Exercise prompt: In the entries that follow, repeat exactly the lines from the one that has "Journal Journal des" through the one that has "Ho-Am Art Museum is a", but omit pictures.

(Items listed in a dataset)
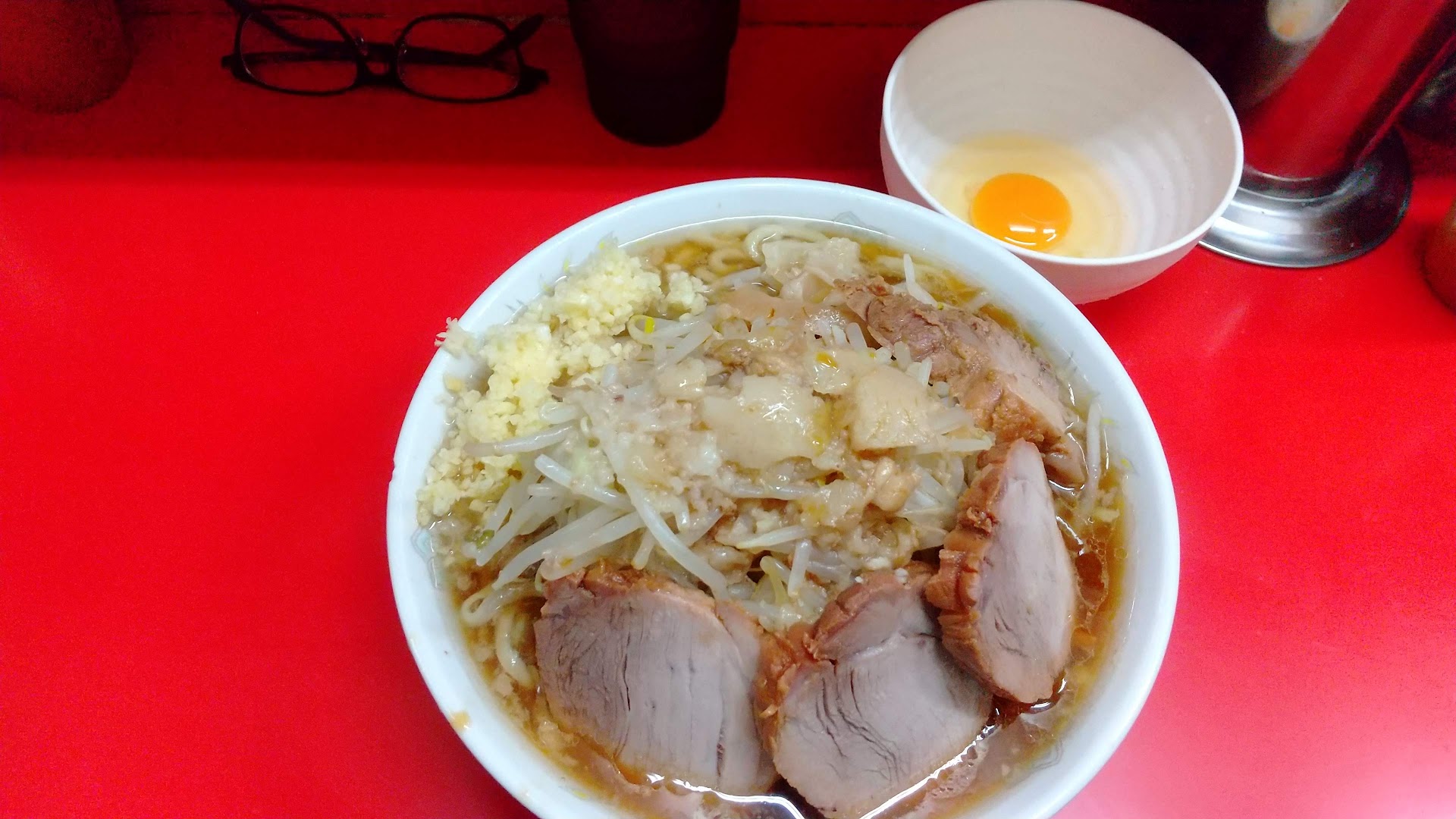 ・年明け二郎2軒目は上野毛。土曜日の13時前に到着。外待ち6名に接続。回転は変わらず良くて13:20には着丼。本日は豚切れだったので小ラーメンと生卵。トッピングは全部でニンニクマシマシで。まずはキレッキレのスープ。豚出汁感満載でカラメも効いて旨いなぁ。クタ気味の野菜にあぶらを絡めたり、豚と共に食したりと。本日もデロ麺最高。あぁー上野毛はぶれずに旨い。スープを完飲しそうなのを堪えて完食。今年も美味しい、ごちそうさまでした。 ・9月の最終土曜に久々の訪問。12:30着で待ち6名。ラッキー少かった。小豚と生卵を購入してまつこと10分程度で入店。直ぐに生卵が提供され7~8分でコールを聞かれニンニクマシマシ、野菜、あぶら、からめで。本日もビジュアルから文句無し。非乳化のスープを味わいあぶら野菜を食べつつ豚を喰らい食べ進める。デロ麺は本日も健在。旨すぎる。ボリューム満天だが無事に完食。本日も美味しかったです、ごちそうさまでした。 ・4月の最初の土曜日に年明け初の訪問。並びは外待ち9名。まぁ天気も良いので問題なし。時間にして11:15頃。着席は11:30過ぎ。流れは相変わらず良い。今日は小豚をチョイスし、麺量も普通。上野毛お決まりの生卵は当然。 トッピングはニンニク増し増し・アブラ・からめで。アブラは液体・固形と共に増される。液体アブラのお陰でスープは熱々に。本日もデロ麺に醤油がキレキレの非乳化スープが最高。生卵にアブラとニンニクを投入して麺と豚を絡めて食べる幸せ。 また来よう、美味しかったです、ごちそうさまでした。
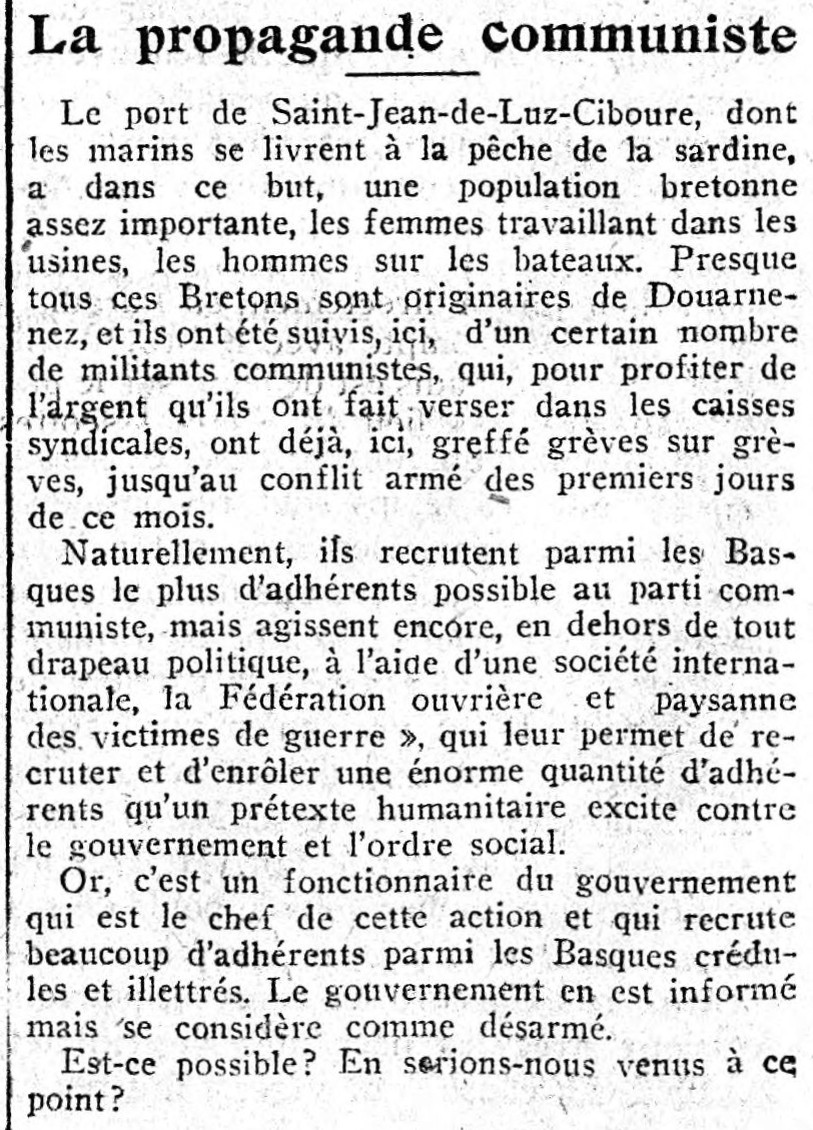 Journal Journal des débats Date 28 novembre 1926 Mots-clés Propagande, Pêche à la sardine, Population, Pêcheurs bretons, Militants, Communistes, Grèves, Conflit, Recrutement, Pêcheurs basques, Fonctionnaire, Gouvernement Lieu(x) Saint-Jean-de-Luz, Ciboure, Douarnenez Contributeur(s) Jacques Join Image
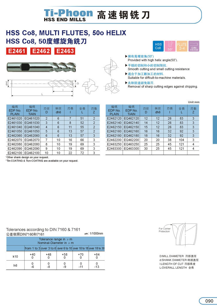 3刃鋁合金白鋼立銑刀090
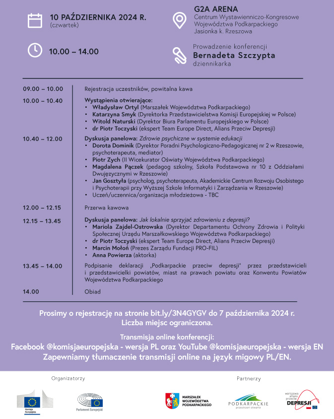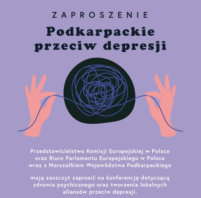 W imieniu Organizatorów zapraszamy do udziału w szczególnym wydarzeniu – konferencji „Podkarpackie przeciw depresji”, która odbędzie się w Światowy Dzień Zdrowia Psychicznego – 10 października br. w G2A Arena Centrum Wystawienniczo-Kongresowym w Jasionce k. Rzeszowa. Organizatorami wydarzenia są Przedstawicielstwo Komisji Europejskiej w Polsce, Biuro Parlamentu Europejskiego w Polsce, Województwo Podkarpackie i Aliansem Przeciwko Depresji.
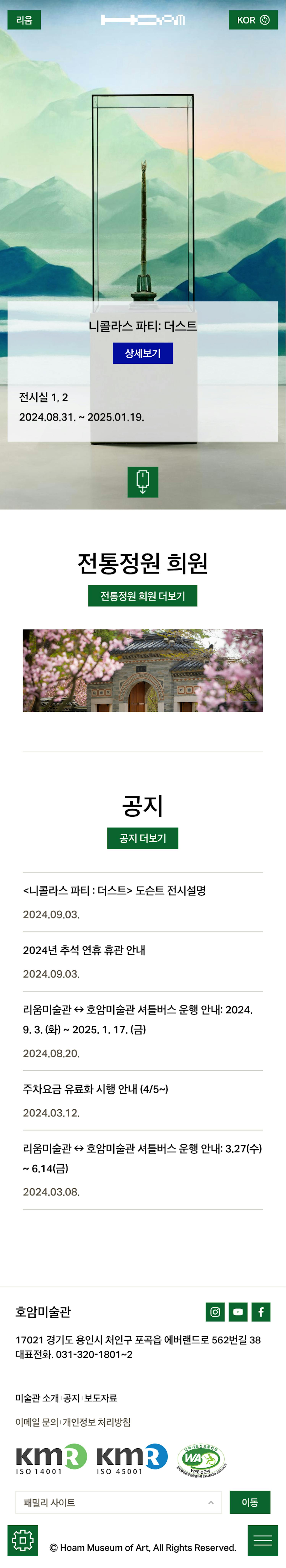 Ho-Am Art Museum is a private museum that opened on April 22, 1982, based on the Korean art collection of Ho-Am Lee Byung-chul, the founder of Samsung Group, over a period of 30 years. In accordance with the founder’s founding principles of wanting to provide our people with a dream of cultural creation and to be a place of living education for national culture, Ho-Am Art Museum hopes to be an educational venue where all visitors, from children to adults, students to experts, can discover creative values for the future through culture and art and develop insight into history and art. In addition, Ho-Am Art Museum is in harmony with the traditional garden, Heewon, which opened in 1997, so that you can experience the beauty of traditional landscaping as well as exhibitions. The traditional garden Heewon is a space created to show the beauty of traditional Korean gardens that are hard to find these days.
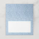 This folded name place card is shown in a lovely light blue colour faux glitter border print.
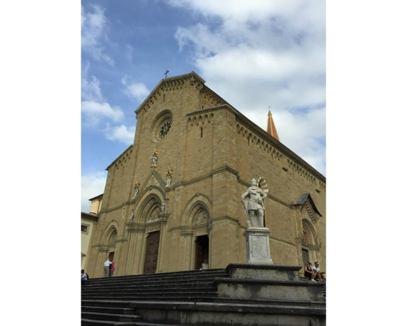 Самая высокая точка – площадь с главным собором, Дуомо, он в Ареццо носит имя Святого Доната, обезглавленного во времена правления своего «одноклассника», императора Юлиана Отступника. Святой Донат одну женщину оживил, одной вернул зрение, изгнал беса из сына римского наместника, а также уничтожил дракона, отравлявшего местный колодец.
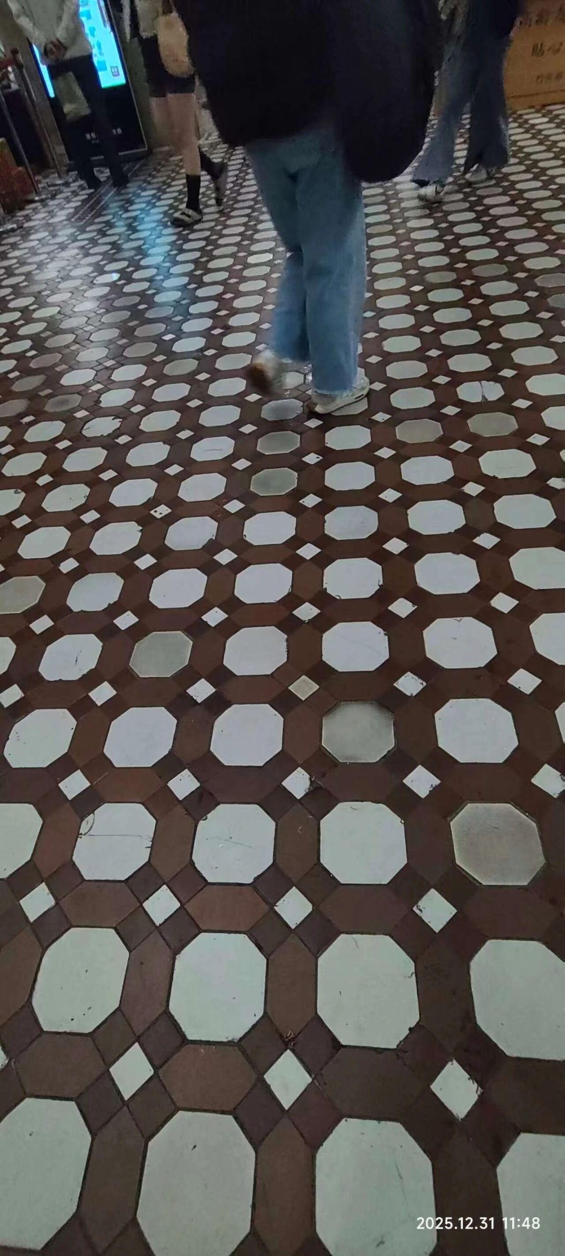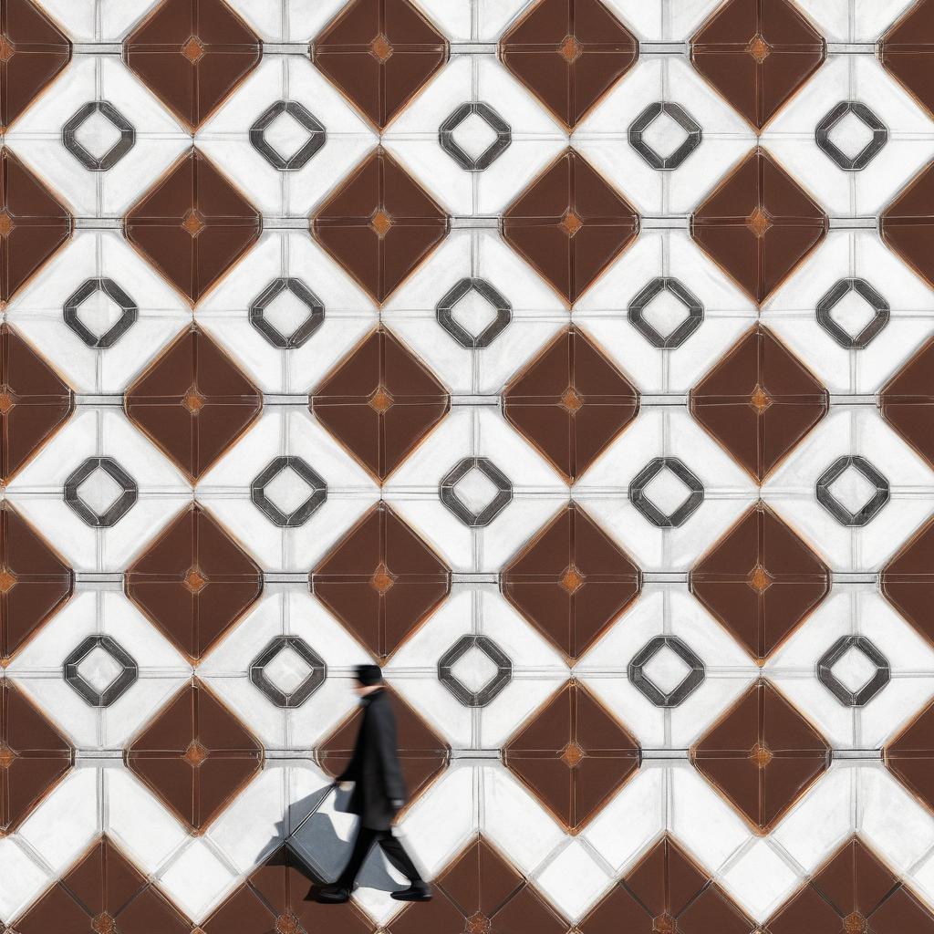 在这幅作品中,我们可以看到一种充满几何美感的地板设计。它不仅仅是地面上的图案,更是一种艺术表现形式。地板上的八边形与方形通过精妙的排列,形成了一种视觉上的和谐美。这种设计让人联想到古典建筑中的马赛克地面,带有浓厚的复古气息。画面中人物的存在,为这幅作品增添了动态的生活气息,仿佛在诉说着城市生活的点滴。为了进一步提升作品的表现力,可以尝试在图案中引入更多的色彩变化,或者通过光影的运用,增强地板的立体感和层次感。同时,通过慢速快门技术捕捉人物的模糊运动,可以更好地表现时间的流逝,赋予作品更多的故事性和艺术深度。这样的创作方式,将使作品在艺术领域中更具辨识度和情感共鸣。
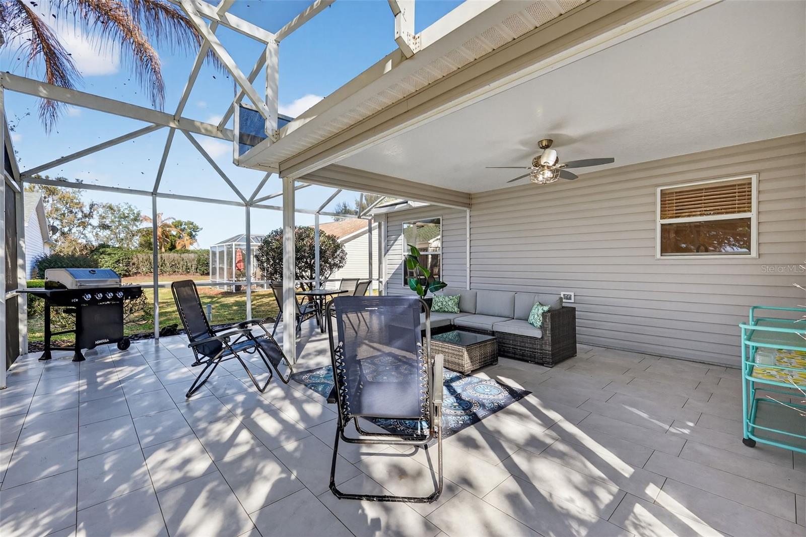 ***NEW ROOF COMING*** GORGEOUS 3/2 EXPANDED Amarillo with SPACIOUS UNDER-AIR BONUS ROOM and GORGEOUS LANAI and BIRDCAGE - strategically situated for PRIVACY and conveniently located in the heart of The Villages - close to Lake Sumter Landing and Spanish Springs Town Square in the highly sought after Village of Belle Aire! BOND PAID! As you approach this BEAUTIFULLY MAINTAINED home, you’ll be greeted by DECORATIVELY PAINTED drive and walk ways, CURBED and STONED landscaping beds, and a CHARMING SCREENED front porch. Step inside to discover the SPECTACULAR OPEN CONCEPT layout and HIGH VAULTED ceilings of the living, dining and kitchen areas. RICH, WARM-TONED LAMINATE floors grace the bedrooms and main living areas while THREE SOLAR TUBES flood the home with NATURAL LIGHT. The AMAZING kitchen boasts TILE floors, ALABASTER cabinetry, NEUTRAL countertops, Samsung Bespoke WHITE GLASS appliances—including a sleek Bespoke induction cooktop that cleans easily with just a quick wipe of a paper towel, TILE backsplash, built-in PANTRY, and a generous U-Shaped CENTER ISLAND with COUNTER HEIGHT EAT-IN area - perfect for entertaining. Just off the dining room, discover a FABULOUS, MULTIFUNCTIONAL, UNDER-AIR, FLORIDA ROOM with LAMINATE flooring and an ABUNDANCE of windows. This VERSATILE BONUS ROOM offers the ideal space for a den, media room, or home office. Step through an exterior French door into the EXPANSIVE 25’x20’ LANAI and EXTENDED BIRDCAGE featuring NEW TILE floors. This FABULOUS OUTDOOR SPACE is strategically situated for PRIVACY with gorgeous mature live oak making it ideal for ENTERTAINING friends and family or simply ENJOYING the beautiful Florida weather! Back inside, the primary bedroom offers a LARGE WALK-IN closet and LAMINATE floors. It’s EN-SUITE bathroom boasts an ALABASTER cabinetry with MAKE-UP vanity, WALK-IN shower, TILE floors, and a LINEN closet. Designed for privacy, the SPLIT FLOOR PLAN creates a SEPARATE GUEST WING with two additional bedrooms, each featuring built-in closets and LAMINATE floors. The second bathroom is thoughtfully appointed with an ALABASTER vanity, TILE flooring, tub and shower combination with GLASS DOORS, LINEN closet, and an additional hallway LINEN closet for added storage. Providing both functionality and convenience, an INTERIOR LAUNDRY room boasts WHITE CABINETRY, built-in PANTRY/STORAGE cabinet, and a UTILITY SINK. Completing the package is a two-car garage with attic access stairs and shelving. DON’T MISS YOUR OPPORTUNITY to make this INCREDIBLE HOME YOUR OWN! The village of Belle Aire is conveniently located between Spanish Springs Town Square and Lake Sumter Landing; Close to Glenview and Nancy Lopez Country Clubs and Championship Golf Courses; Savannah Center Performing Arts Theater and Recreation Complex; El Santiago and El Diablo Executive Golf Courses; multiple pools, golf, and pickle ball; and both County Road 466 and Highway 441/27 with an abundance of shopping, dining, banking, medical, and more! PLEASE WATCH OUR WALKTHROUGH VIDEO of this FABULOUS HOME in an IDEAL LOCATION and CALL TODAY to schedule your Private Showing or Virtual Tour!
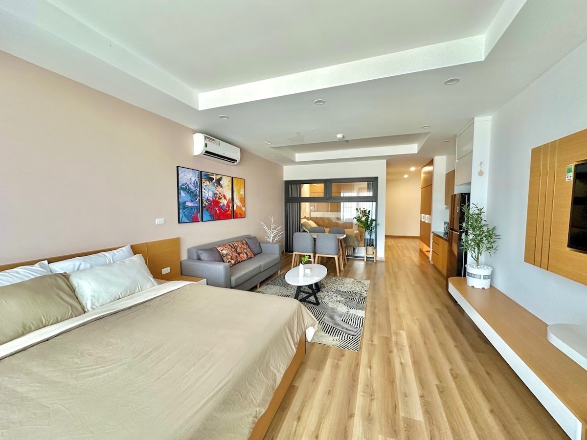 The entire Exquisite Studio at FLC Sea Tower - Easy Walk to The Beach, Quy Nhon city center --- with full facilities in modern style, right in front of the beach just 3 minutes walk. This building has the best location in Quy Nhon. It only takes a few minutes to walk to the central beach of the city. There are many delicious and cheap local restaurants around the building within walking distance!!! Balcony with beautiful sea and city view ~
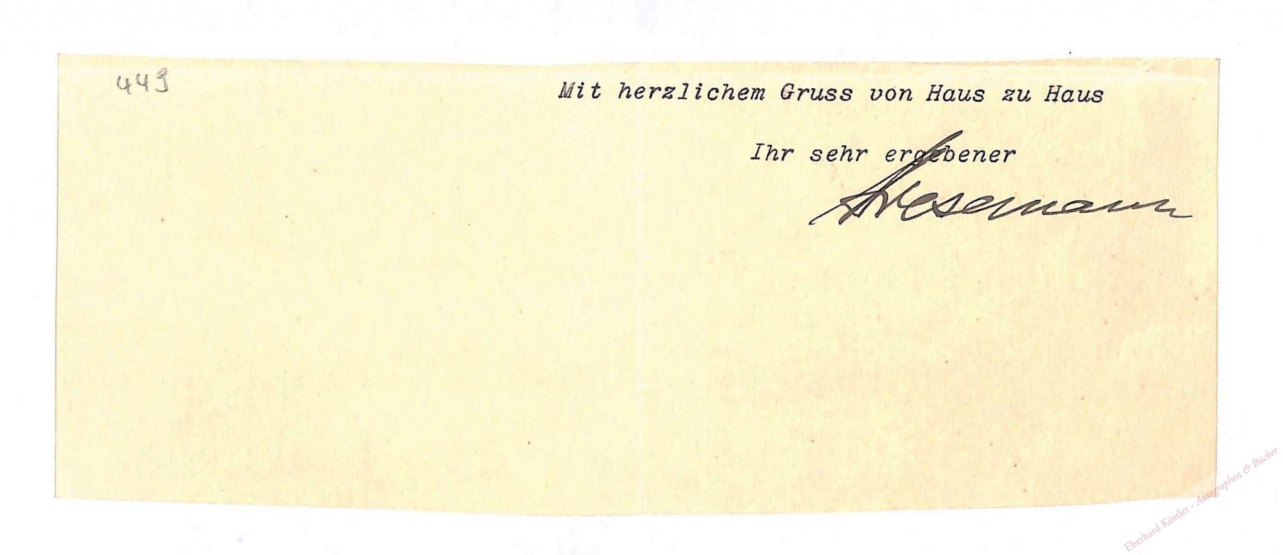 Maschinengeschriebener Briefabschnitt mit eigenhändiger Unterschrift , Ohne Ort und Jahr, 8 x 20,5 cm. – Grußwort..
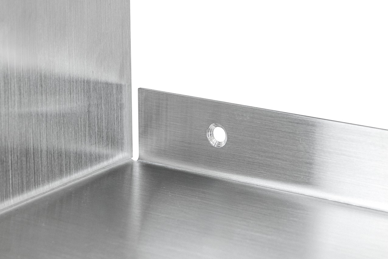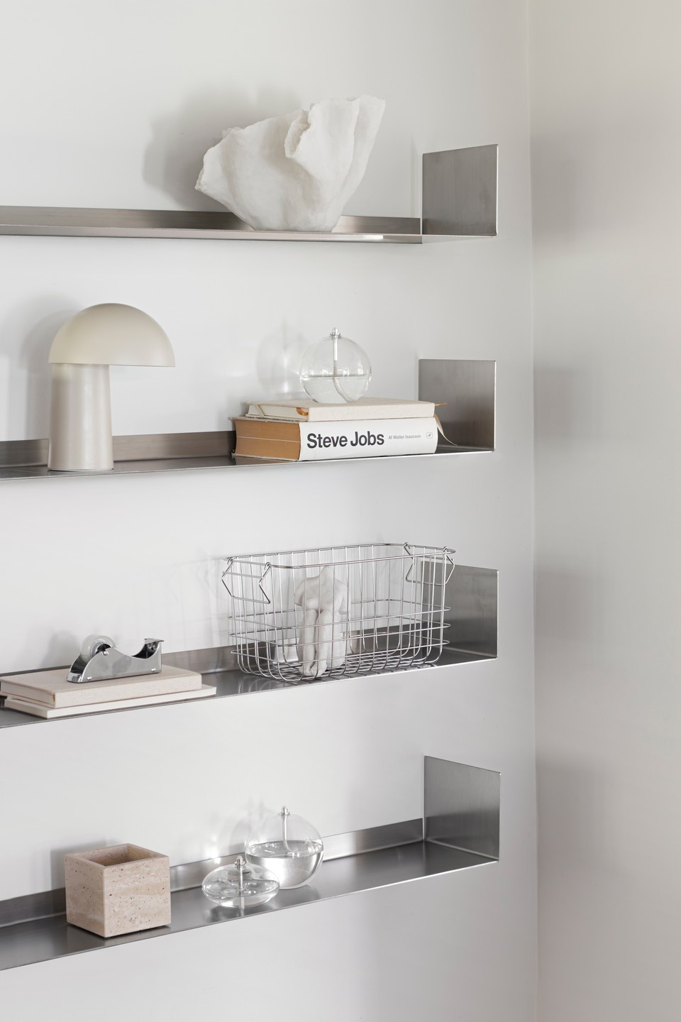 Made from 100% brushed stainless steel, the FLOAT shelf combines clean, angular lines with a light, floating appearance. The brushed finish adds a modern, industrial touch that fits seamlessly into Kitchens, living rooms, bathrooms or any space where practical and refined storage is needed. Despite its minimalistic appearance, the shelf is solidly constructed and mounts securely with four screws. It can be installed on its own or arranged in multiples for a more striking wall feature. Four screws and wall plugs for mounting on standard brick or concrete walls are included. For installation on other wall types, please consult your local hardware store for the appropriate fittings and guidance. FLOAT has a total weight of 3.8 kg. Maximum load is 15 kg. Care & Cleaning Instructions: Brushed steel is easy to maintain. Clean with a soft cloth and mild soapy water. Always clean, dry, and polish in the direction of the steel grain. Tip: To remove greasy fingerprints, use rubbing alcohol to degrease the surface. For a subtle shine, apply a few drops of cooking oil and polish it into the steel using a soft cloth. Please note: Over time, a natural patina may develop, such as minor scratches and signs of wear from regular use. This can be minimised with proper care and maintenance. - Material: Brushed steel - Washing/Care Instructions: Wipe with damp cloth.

Output of the exercise:
 Journal Journal des débats Date 28 novembre 1926 Mots-clés Propagande, Pêche à la sardine, Population, Pêcheurs bretons, Militants, Communistes, Grèves, Conflit, Recrutement, Pêcheurs basques, Fonctionnaire, Gouvernement Lieu(x) Saint-Jean-de-Luz, Ciboure, Douarnenez Contributeur(s) Jacques Join Image
 3刃鋁合金白鋼立銑刀090
 W imieniu Organizatorów zapraszamy do udziału w szczególnym wydarzeniu – konferencji „Podkarpackie przeciw depresji”, która odbędzie się w Światowy Dzień Zdrowia Psychicznego – 10 października br. w G2A Arena Centrum Wystawienniczo-Kongresowym w Jasionce k. Rzeszowa. Organizatorami wydarzenia są Przedstawicielstwo Komisji Europejskiej w Polsce, Biuro Parlamentu Europejskiego w Polsce, Województwo Podkarpackie i Aliansem Przeciwko Depresji.
 Ho-Am Art Museum is a private museum that opened on April 22, 1982, based on the Korean art collection of Ho-Am Lee Byung-chul, the founder of Samsung Group, over a period of 30 years. In accordance with the founder’s founding principles of wanting to provide our people with a dream of cultural creation and to be a place of living education for national culture, Ho-Am Art Museum hopes to be an educational venue where all visitors, from children to adults, students to experts, can discover creative values for the future through culture and art and develop insight into history and art. In addition, Ho-Am Art Museum is in harmony with the traditional garden, Heewon, which opened in 1997, so that you can experience the beauty of traditional landscaping as well as exhibitions. The traditional garden Heewon is a space created to show the beauty of traditional Korean gardens that are hard to find these days.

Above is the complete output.